Vol. 8 No. 5 (2020): BUSINESS & MANAGEMENT STUDIES: AN INTERNATIONAL JOURNAL
Articles

RISK MANAGEMENT BY PORTFOLIO OPTIMIZATION IN INTERNATIONAL STOCK MARKETS

Gülçin ÇÖMEZ
Lect., Bandırma Onyedi Eylül University
Çağatay Başarır, Doç. Dr.
Assoc. Prof. Dr., Bandırma Onyedi Eylül University

Published 2020-12-25

Keywords

  • Portföy Optimizasyonu,
  • Ortalama Varyans Modeli,
  • Risk ve Getiri,
  • Uluslararası Çeşitlendirme,
  • Portfolio Optimization Mean-Variance Model Risk and Return International Diversification

How to Cite

ÇÖMEZ, G., & BAŞARIR, Çağatay. (2020). RISK MANAGEMENT BY PORTFOLIO OPTIMIZATION IN INTERNATIONAL STOCK MARKETS. Business & Management Studies: An International Journal, 8(5), 4157-4174. https://doi.org/10.15295/bmij.v8i5.1641

Abstract

  1. INTRODUCTION

 

Risk minimization journey for investors has two objectives. The first one is return maximization, and the second one is decreasing portfolio risk. The most common solution for risk minimization is portfolio diversification. Investors may divide their savings into different investment assets by diversification. By diversification, investors can invest different financial assets from different sectors, countries and types. However, investors only aim to optimize their risks.

Markowitz defines optimum portfolios which have minimum risk and maximum return. Additionally, diversification for portfolio optimization is the key point.  It is stated that portfolios diversified by low correlated financial instruments may lead to reduce portfolio risk and increase portfolio return.

Markowitz's mean-variance portfolio optimization method has contributed to modern investment theory literature, and this approach has been practised for several times to obtain optimum diversified portfolios. Optimum portfolios lead to risk optimization and return maximization.

This study aims to reduce risk rates for portfolios. In orde to obtain optimum portfolios which have minimum risk rates and maximum return rates, this study uses international portfolio diversification.  International stock markets have been specified which have high international trade relations with Turkey in 2018 in order to get optimum portfolios.

  1. METHOD

Mean-variance model is applied through this study as the mean-variance model is the most common model for international portfolios. Although the model ignores the investors' attitudes, since it constraints short sellings by limiting the sum of equity weights to one, the model turns into a useful model for portfolio optimization.
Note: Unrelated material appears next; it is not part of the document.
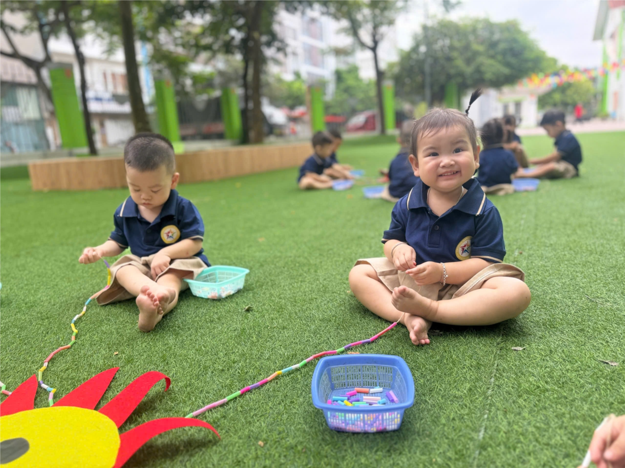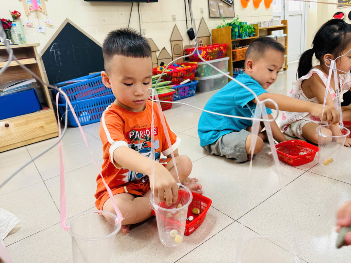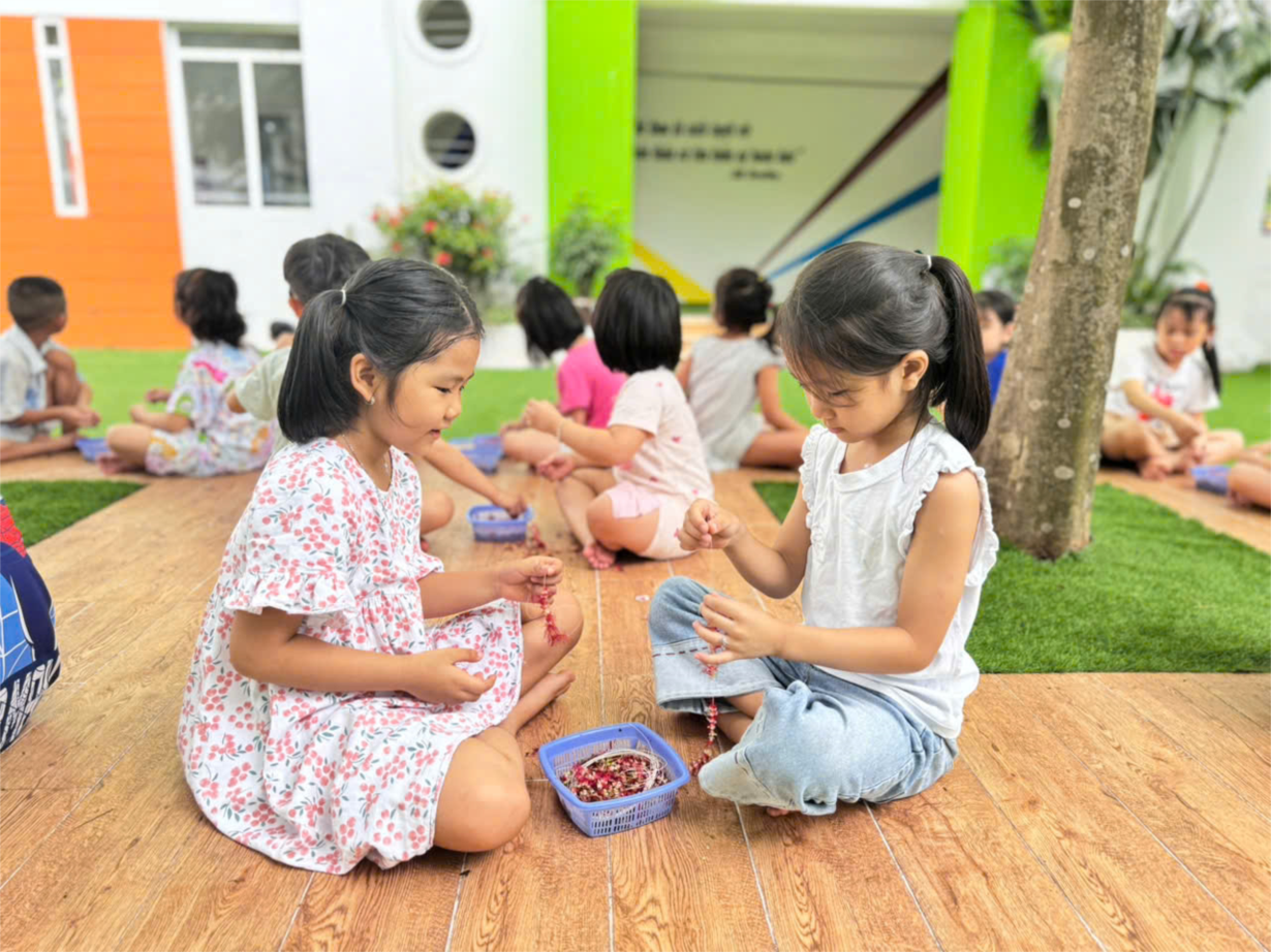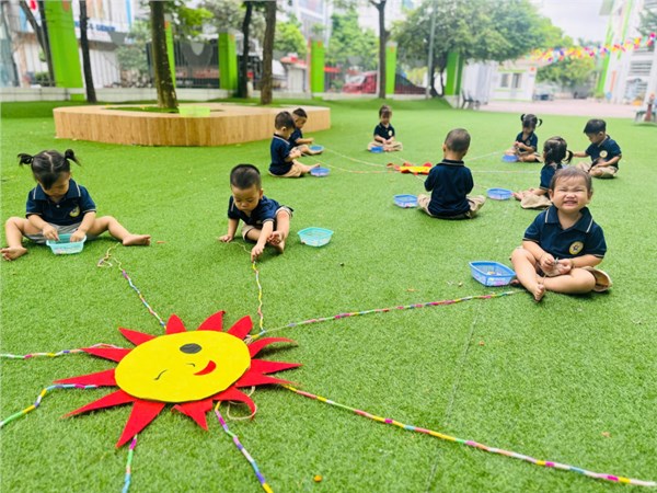 Các bạn nhỏ lớp D3 xâu tia nắng mặt trời

By using the international stock market equities for mean-variance model, optimum portfolios are obtained. Returns, risks and Sharpe rates for optimum portfolios are compared during the study.

  1. CONCLUSION AND DISCUSSION

As the study only investigates optimum portfolios for risk-averse investors, minimum risky portfolios are selected. On the other hand, for return maximization, Sharpe ratios are compared, and portfolios with maximum Sharpe ratios are selected. The study showed that the mean-variance model could have feasible solutions for international portfolio optimization.

Selected optimum portfolio with minimum risk offers a 3% risk rate and 0,74% return rate, which means if an investor stands to 3% risk rate, he/she can increase savings by 0,74%. If an investor focuses on maximizing return rate, the selected portfolio of the study offers a 6% risk rate and 2,1% return rate. Whereas, the investor can increase savings by 2,1% by standing to 6% rate. The study again proves that willing to have more return is only possible with more risky portfolios.

For further studies, different models for international portfolio selections can be implemented, and investor behaviour/attitude can be included. This study uses only stock market equities for portfolio optimization. Therefore, EMTIA data or other financial assets can be attached to the model and more diversified portfolios can be obtained.